Senate Minority Leader Mitch McConnell, R-Ky., is the exception to that exception: He is not retiring and has a primary challenge from a tea-party-backed candidate this fall. And yet, in a floor speech on Jan. 8, McConnell confessed that both parties are at fault for the current state of dysfunction in Congress.

Granted, he does not abandon his partisan lens in portraying the process used for passing Obamacare or Majority Leader Harry Reid’s unilateral change in filibuster rules last November. But he acknowledges that both sides use “theatrics and messaging wars that go on here day after day” and says that “show votes” have become “entirely too routine and it diminishes the Senate.” Over the past several years, he observes, “the Senate seems more like a campaign studio than a serious legislative body.”

Rather than replay the blame game, McConnell suggests returning to what the Senate does best and that is resolve legitimate differences between the parties through vigorous debate in which all 50 states are represented “and every single senator … has a say in the laws we pass here.”

He reminds his colleagues that the great laws of the past were not made by “throwing these bills together in a backroom and dropping them on the floor with a stopwatch running.” Instead they were made through “a laborious process of legislating, persuasion, and coalition building” that “took time and patience and hard work.” The Senate, he says, has “lost our sense for the value of that.”

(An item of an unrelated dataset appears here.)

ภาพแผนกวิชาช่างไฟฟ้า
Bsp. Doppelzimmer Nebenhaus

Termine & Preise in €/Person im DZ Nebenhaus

That brings him to his three main recommendations: restoring the committee process, allowing senators to speak through an open amendment process, and putting in “a decent week’s work” right up to the end to get things done — “using the clock to force consensus.” He vows to return to all three practices if Republicans regain majority control next year.

A robust committee system has been lost, he says, even though it provides the best means of developing national policy, acting as a counterweight to the executive and serving as a school for bipartisanship. Likewise, an open floor amendment process that guarantees all senators and their constituents “a greater voice” is often denied today.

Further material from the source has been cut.